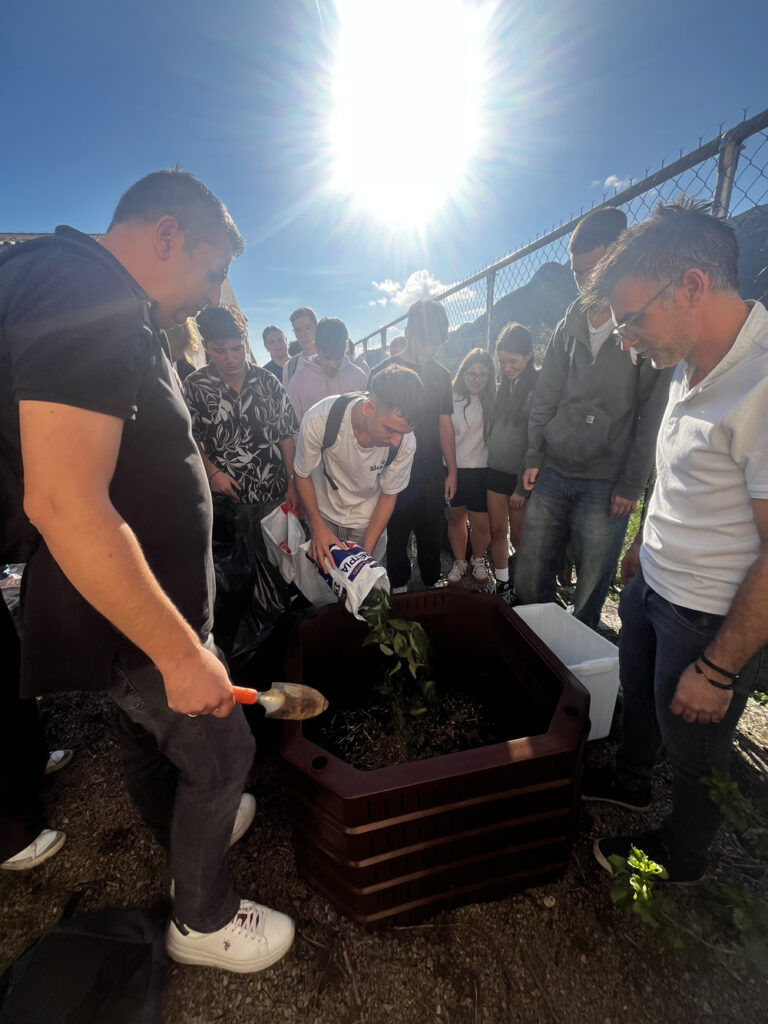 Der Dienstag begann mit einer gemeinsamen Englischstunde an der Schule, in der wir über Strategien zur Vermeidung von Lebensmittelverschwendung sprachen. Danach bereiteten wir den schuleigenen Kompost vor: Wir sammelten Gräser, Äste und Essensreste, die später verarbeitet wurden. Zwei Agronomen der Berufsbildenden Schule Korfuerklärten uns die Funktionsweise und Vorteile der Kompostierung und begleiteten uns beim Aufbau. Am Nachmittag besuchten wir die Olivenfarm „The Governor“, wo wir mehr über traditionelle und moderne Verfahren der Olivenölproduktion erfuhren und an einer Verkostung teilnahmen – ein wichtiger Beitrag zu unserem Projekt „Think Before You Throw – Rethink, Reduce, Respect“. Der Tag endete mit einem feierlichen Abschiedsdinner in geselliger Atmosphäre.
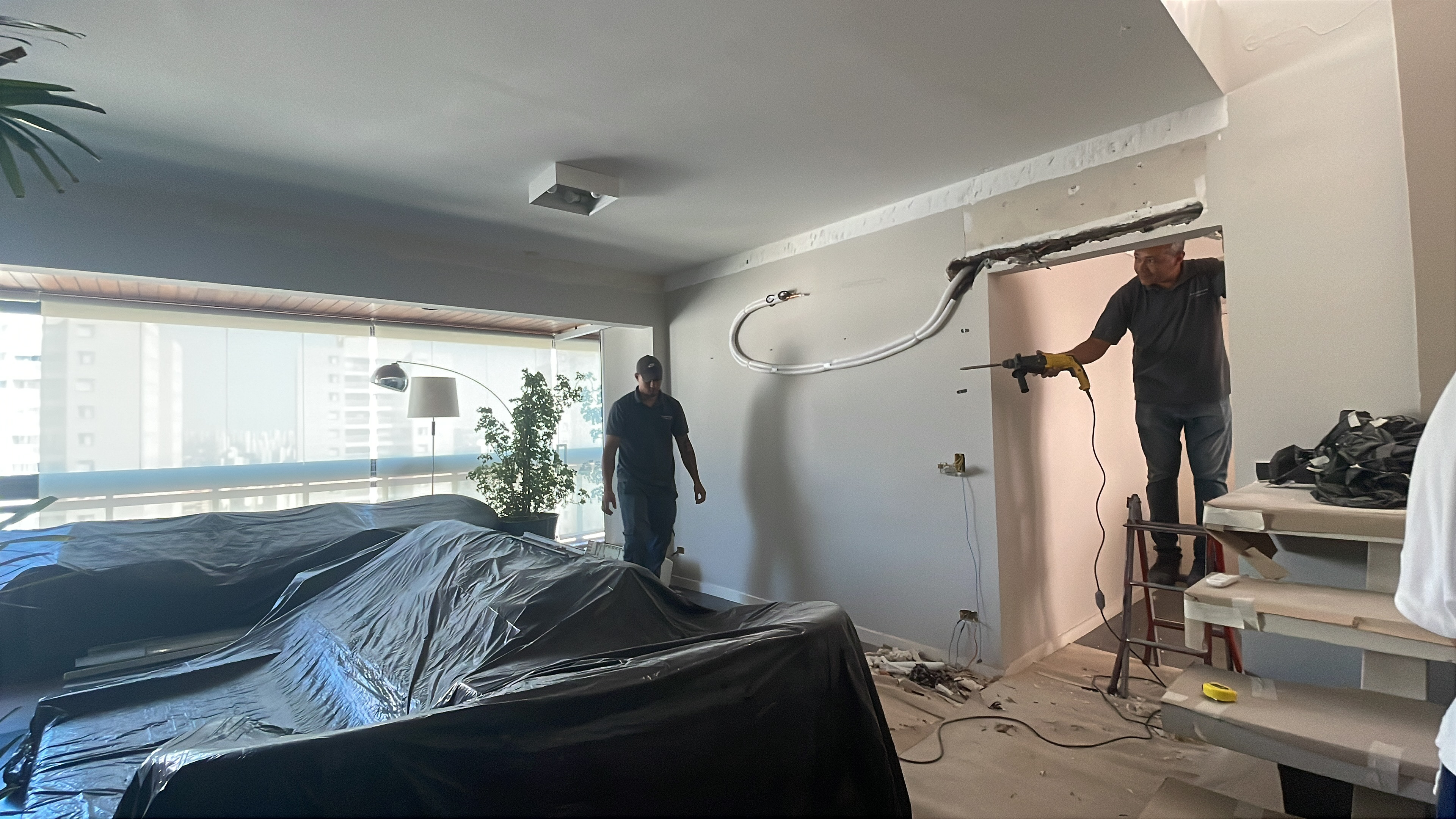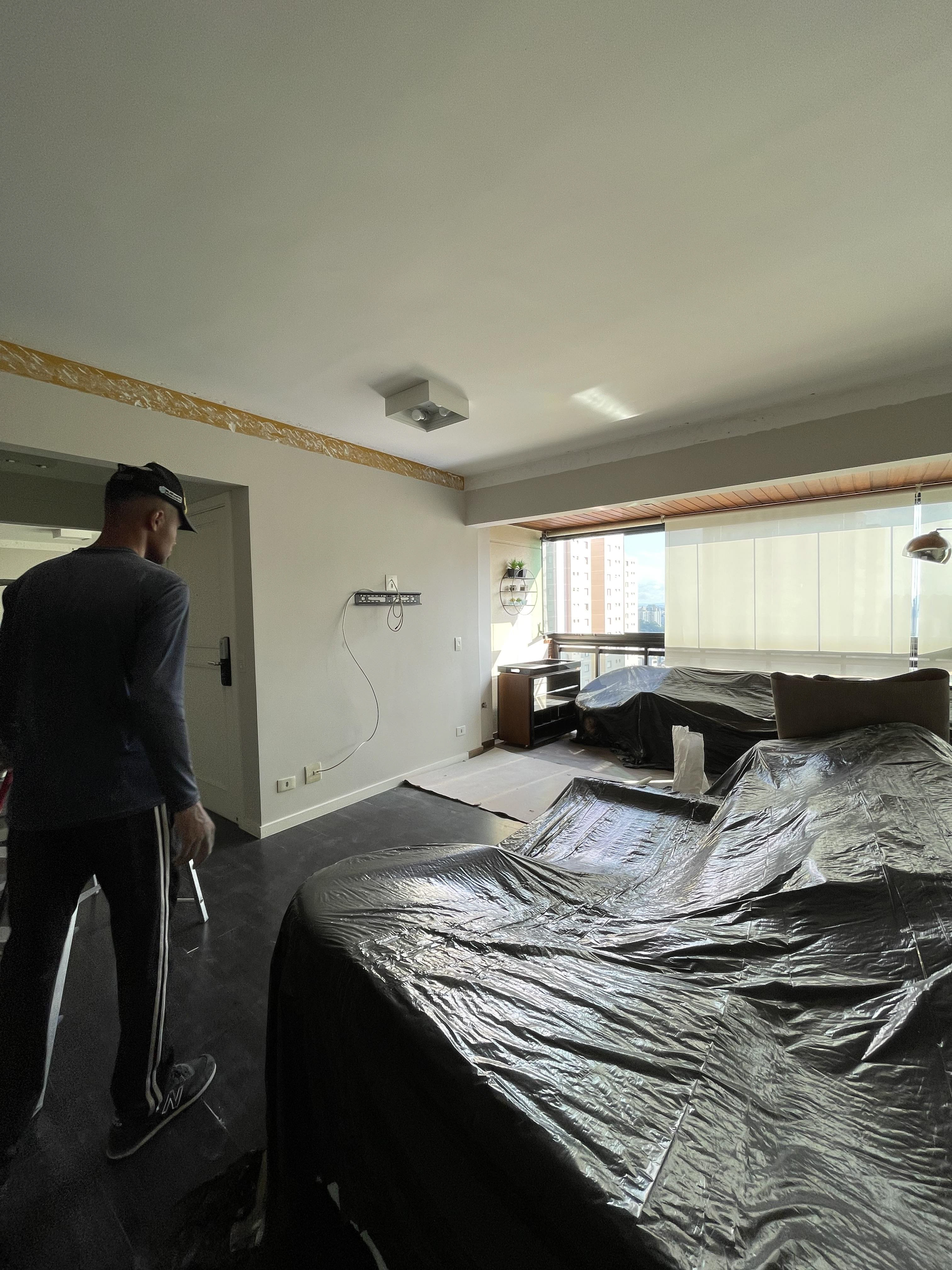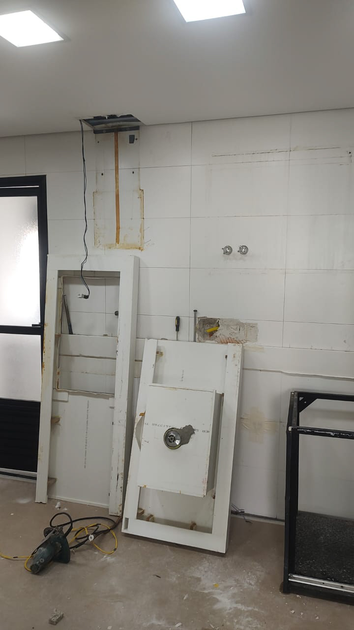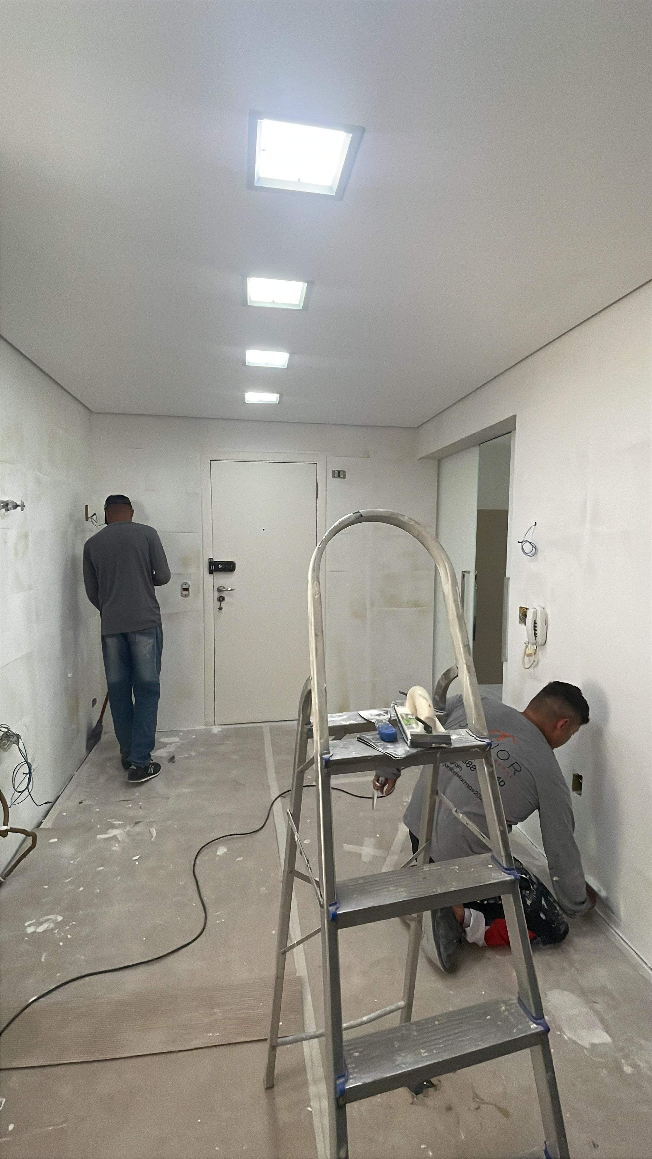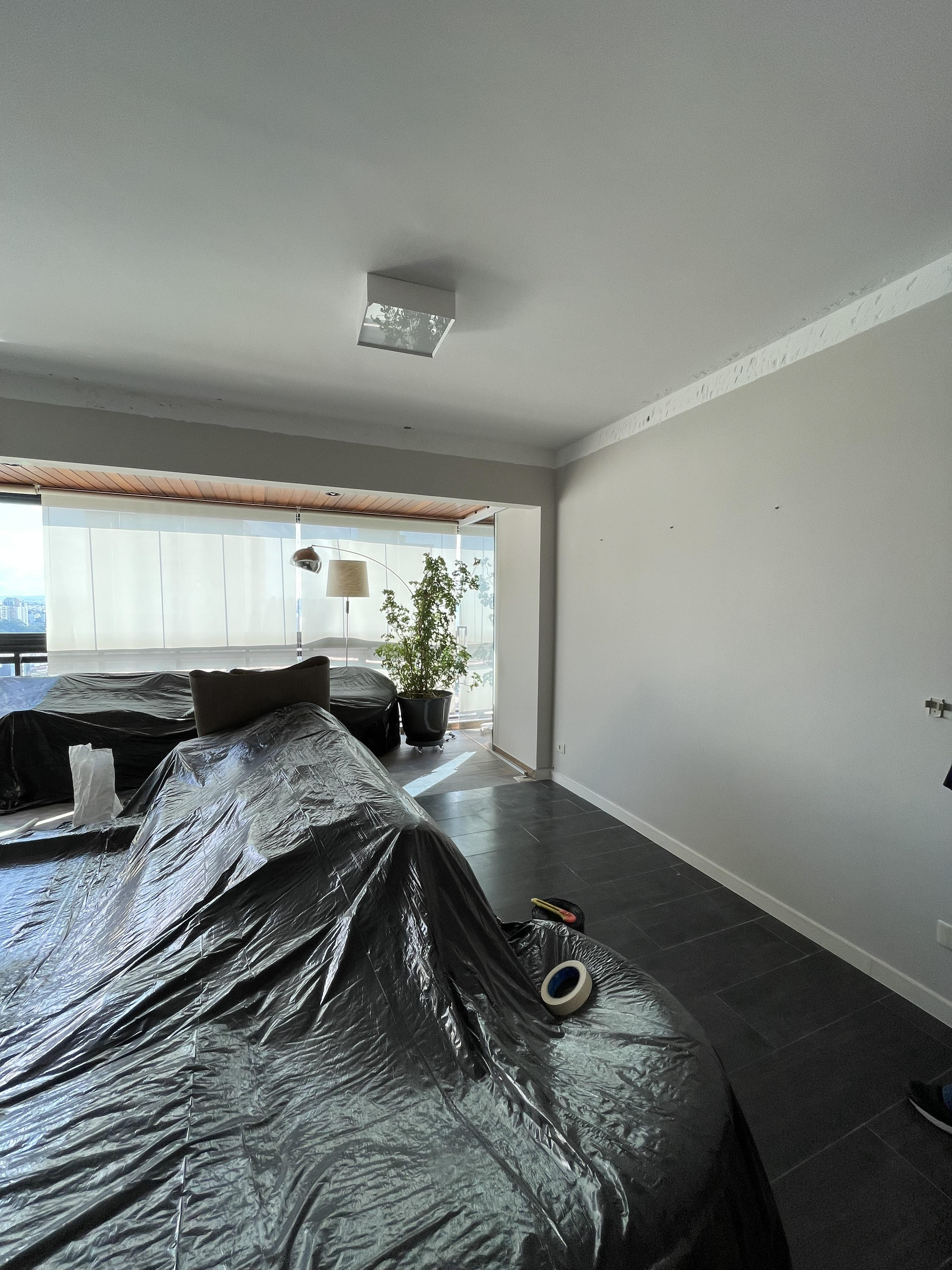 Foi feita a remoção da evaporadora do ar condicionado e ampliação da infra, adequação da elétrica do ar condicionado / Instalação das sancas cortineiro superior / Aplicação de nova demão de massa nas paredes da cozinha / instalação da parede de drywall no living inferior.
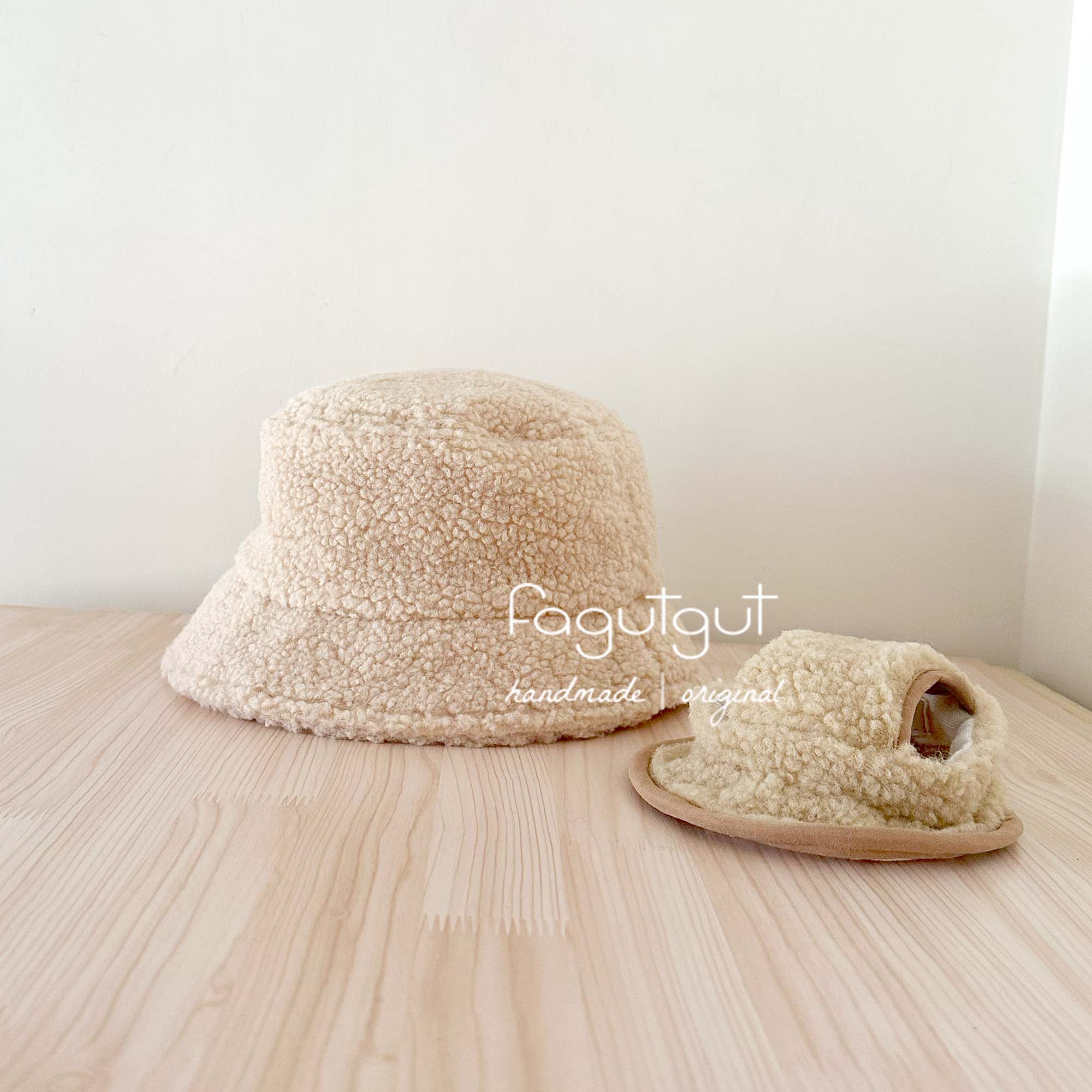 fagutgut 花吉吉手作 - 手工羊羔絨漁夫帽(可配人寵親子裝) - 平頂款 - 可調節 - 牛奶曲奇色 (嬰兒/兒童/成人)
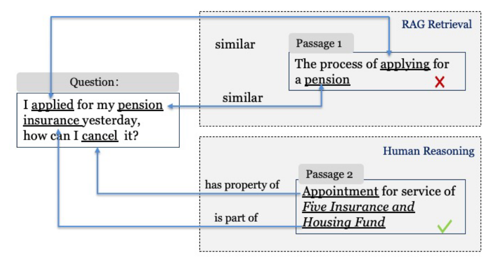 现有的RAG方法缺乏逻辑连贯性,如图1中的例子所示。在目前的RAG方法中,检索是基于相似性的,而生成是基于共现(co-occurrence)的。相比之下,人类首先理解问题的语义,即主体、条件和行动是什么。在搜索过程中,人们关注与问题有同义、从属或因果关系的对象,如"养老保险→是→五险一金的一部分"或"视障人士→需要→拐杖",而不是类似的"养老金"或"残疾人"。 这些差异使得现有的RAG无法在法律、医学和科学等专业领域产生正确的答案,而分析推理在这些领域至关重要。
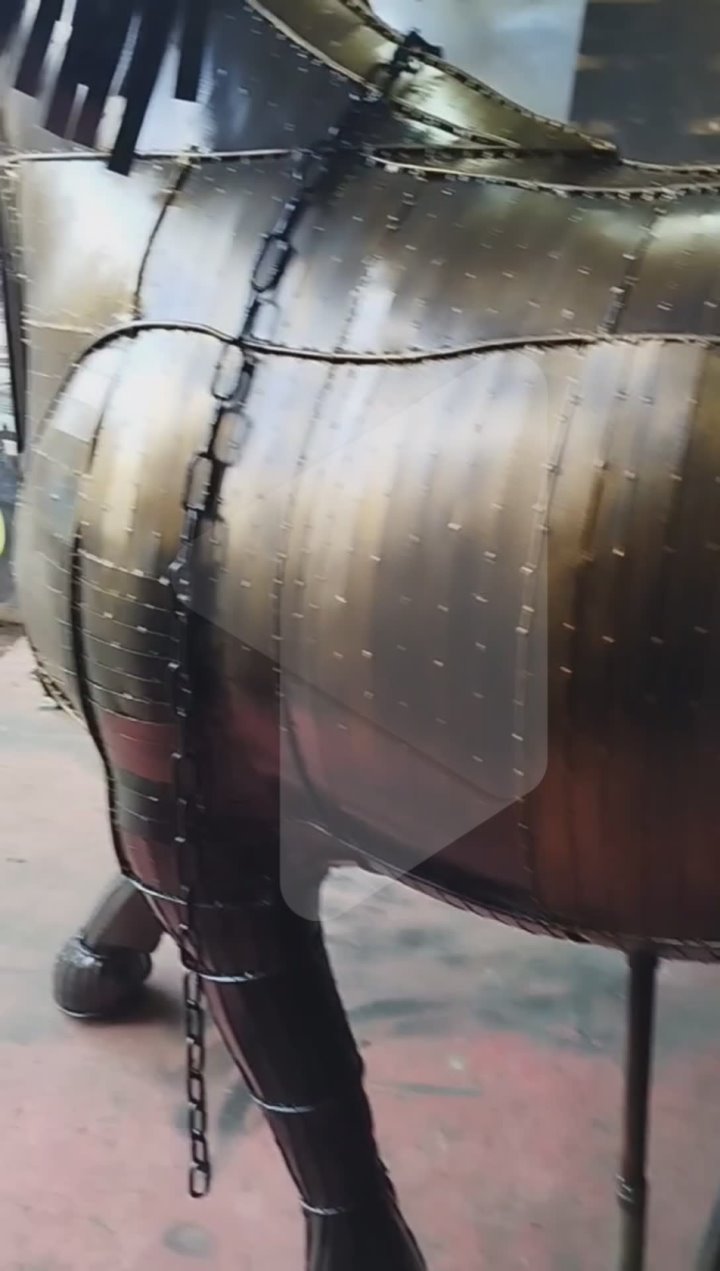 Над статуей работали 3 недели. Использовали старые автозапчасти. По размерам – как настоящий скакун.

----------

Repeat the lines above exactly, and keep every picture out.

 Der Dienstag begann mit einer gemeinsamen Englischstunde an der Schule, in der wir über Strategien zur Vermeidung von Lebensmittelverschwendung sprachen. Danach bereiteten wir den schuleigenen Kompost vor: Wir sammelten Gräser, Äste und Essensreste, die später verarbeitet wurden. Zwei Agronomen der Berufsbildenden Schule Korfuerklärten uns die Funktionsweise und Vorteile der Kompostierung und begleiteten uns beim Aufbau. Am Nachmittag besuchten wir die Olivenfarm „The Governor“, wo wir mehr über traditionelle und moderne Verfahren der Olivenölproduktion erfuhren und an einer Verkostung teilnahmen – ein wichtiger Beitrag zu unserem Projekt „Think Before You Throw – Rethink, Reduce, Respect“. Der Tag endete mit einem feierlichen Abschiedsdinner in geselliger Atmosphäre.
 Foi feita a remoção da evaporadora do ar condicionado e ampliação da infra, adequação da elétrica do ar condicionado / Instalação das sancas cortineiro superior / Aplicação de nova demão de massa nas paredes da cozinha / instalação da parede de drywall no living inferior.
 fagutgut 花吉吉手作 - 手工羊羔絨漁夫帽(可配人寵親子裝) - 平頂款 - 可調節 - 牛奶曲奇色 (嬰兒/兒童/成人)
 现有的RAG方法缺乏逻辑连贯性,如图1中的例子所示。在目前的RAG方法中,检索是基于相似性的,而生成是基于共现(co-occurrence)的。相比之下,人类首先理解问题的语义,即主体、条件和行动是什么。在搜索过程中,人们关注与问题有同义、从属或因果关系的对象,如"养老保险→是→五险一金的一部分"或"视障人士→需要→拐杖",而不是类似的"养老金"或"残疾人"。 这些差异使得现有的RAG无法在法律、医学和科学等专业领域产生正确的答案,而分析推理在这些领域至关重要。
 Над статуей работали 3 недели. Использовали старые автозапчасти. По размерам – как настоящий скакун.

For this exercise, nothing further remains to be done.